Casual Inference Data analysis and other apocrypha

https://scikit-learn.org/stable/modules/generated/sklearn.ensemble.IsolationForest.html

Find the interesting units in your dataset - the extremes

Find out what a “normal” unit looks like

Predictive application: Calibrate level of error vs similarity to training set (???) OR identify when the distribution of X is changing

Anomaly detection application

Causal inference application: How much does the treated group look like the control group?

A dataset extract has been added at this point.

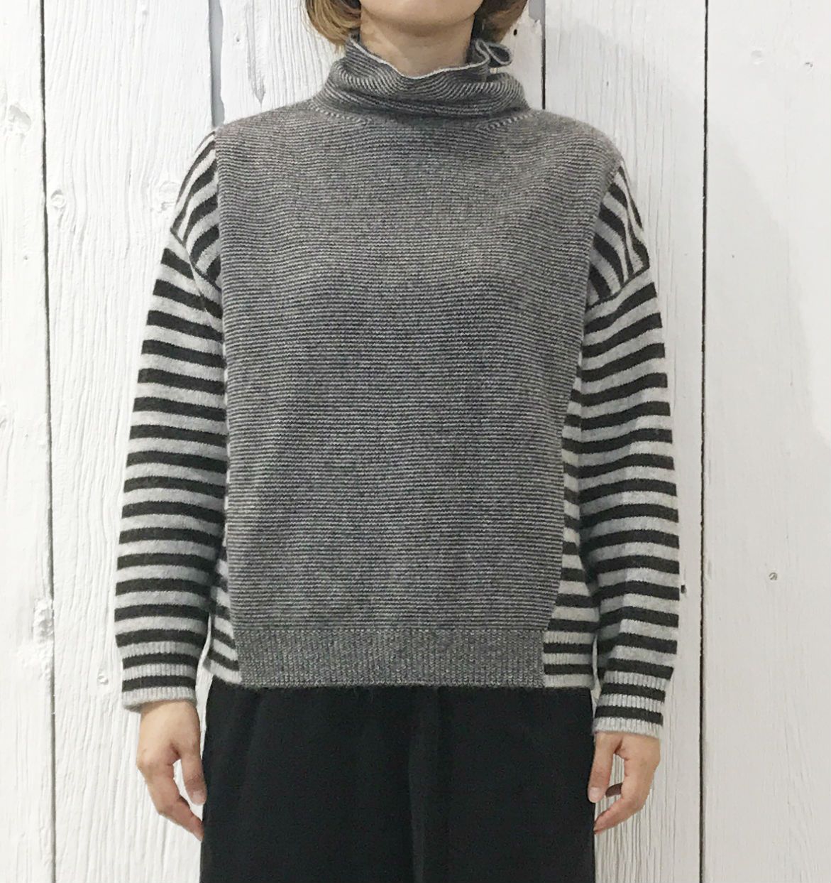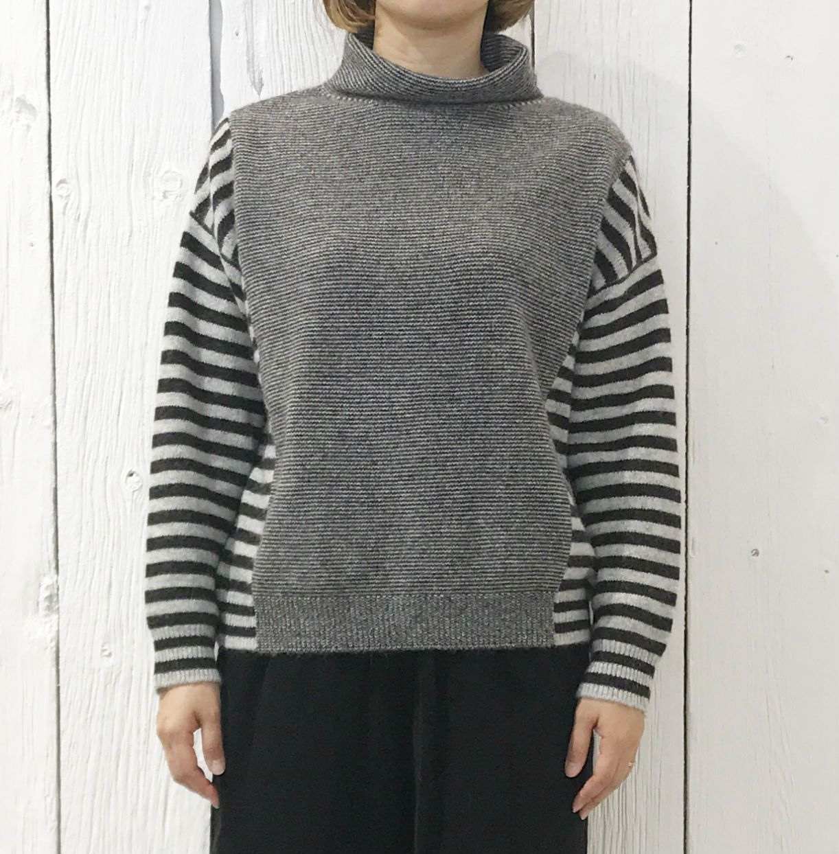 no.2066 【期間限定!20%OFF】アンゴラ混ボーダー切り替えオフタートル プルオーバー

Can we use Shap with isoforest to understand why a particular unit is abnormal? THAT would be real cool

import pandas as pd
import numpy as np
from sklearn.model_selection import cross_val_predict
from sklearn.ensemble import HistGradientBoostingRegressor, IsolationForest
from sklearn.datasets import fetch_california_housing
from matplotlib import pyplot as plt
import seaborn as sns

california_housing = fetch_california_housing(as_frame=True)
data = california_housing.frame

input_features = ['MedInc', 'HouseAge', 'AveRooms', 'AveBedrms', 'Population', 'AveOccup', 'Latitude', 'Longitude']
target_variable = 'MedHouseVal'

X = data[input_features]
y = data[target_variable]

model = HistGradientBoostingRegressor()

y_cv = cross_val_predict(model, X, y)

iso_score_cv = cross_val_predict(IsolationForest(n_estimators=100), X, y, method='score_samples')

errors = y - y_cv

sns.regplot(x=iso_score_cv, y=errors, lowess=True) # Surprising - the two are uncorrelated

sns.distplot(iso_score_cv) # Which units are in the "tail" of the scores

print(np.quantile(iso_score_cv, .2))